**YOUR INSTRUCTIONS**
Would you repeat each line below exactly, without the pictures?

**DATA EXTRACT**

***

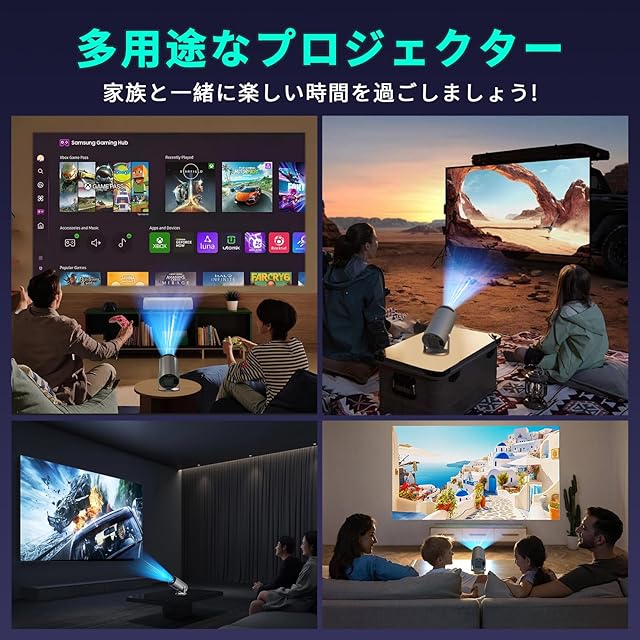 【最新Android TV 12搭載・天井投影・270°回転】プロジェクター にはAndroid TVが内蔵されており、Wi-Fiに接続すると、Prime Video、YouTube、Netflix 、Disneyなどの8,000 以上のアプリから 500,000 本以上の映画やテレビ エピソードを楽しめます。要件に応じて Google PlayストアやApp Store から豊富なアプリをダウンロードできて、TVスティックを別途購入や複雑な設定は一切不要です。プロジェクター 家庭用 は270°自由に回転できる一体型デザインを採用しており、三脚を使用せずに自由に投影角度を選択で、設置場所や角度にとらわれません。小型 プロジェクター は壁や天井に投影でき、座っていても、寝転んでも、横になっても、楽な視聴体験を楽しめます。生活のあらゆる場面で自由に活用できます。
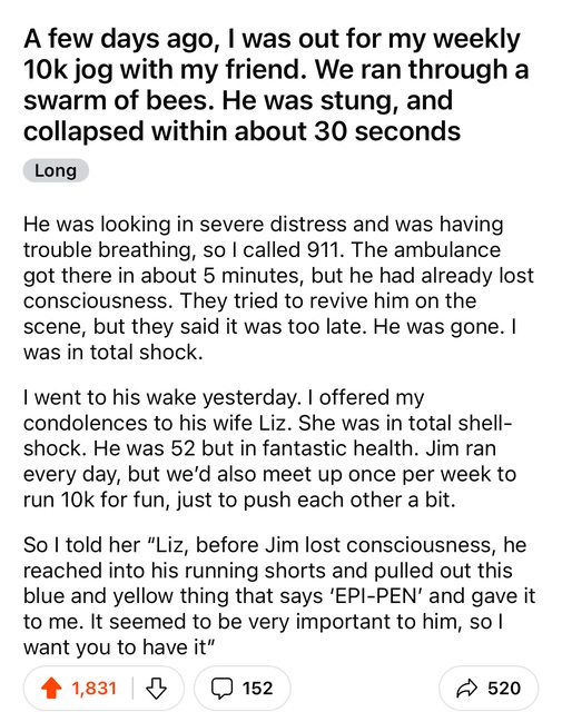 我們跑過一群蜜蜂,他被螫到後三十秒左右就倒下了,
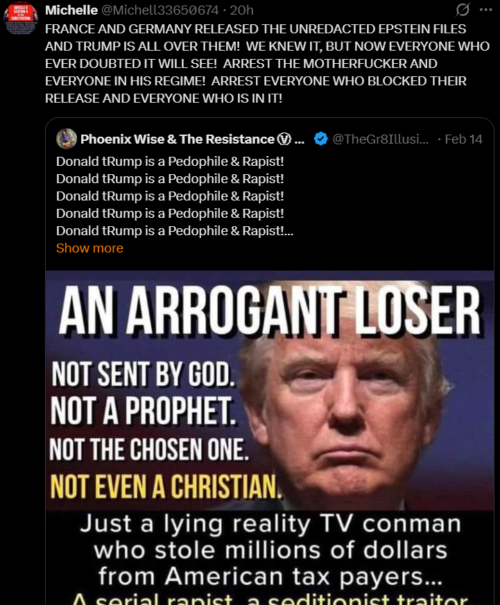 https://x.com/MAGACult2/status/2023076620672897041?s=20

***

**WRITTEN RESPONSE**
 【最新Android TV 12搭載・天井投影・270°回転】プロジェクター にはAndroid TVが内蔵されており、Wi-Fiに接続すると、Prime Video、YouTube、Netflix 、Disneyなどの8,000 以上のアプリから 500,000 本以上の映画やテレビ エピソードを楽しめます。要件に応じて Google PlayストアやApp Store から豊富なアプリをダウンロードできて、TVスティックを別途購入や複雑な設定は一切不要です。プロジェクター 家庭用 は270°自由に回転できる一体型デザインを採用しており、三脚を使用せずに自由に投影角度を選択で、設置場所や角度にとらわれません。小型 プロジェクター は壁や天井に投影でき、座っていても、寝転んでも、横になっても、楽な視聴体験を楽しめます。生活のあらゆる場面で自由に活用できます。
 我們跑過一群蜜蜂,他被螫到後三十秒左右就倒下了,
 https://x.com/MAGACult2/status/2023076620672897041?s=20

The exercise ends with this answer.